EPA issues order to New York City requiring city-wide plan for addressing sewer backups into buildings
The order gives the city 120 days to submit a plan to EPA for approval to work toward the elimination of unauthorized wastewater releases.
NEW YORK, NY, AUGUST 31, 2016 -- The U.S. Environmental Protection Agency has issued an Administrative Order to New York City requiring it to develop a plan to address continued sewer backups into residents' basements and other public and private property. The order gives the city 120 days to submit a plan to EPA for approval to work toward the elimination of unauthorized wastewater releases from sewer backups city-wide over the next seven years.
The order notes that New York City has made progress in responding to complaints in recent years, but it does not have a comprehensive plan to prevent and further reduce the number of sewer backups. The order is designed to ensure that the city prevents sewer backups through a systematic and proactive program, as other large cities have. Raw sewage in people’s homes and in buildings where they work creates health risks, which can be avoided by a proactive strategy to cut sewage backups.
"Since 2012, New York City has taken steps to reduce sewer backups by about 38%. To ensure this trend continues and accelerates, the EPA will require a comprehensive and enforceable plan," said Judith A. Enck, EPA Regional Administrator. "The pressure on sewer systems and the potential for sewer backups will only get worse as the city’s population increases and as climate change results in heavy rain events. Adequate operation and maintenance of New York’s sewer system is critical for the health of New York City’s residents."

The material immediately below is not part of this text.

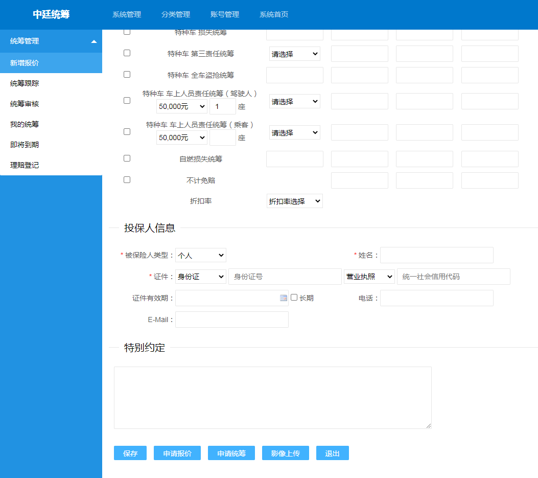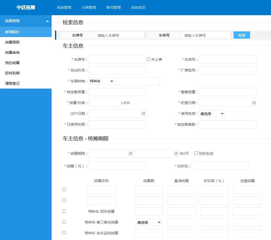 3.1登錄系統(tǒng)成功之后選擇車輛類型【特種車,機(jī)動(dòng)車】,之后錄入具體數(shù)據(jù)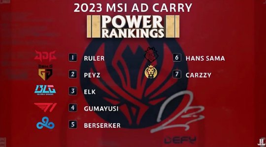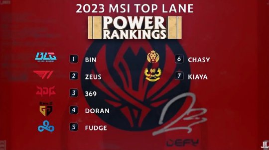 2023MSI季中冠军赛将于北京时间5月2日在英国伦敦火热开战!近日外媒League On Lock评选出本届MSI各位置的选手TOP 7,BLG上单Bin、GEN中单Chovy、JDG下路Ruler和T1野辅Oner、Keria为五个位置的头名。

Under the order, the EPA will continue to work with New York City Department of Environmental Protection to build on progress already made in protecting residents from exposure to sewage. With regular and proactive maintenance, pipes in problem areas can be unclogged and backups can be prevented.
Sewage contains pathogens, including viruses and bacteria, which can cause diseases when people are exposed to them, including stomach flu and upper respiratory infections. Through its national enforcement initiative, EPA has worked with cities to protect public health through sensible solutions to upgrade and improve water infrastructure.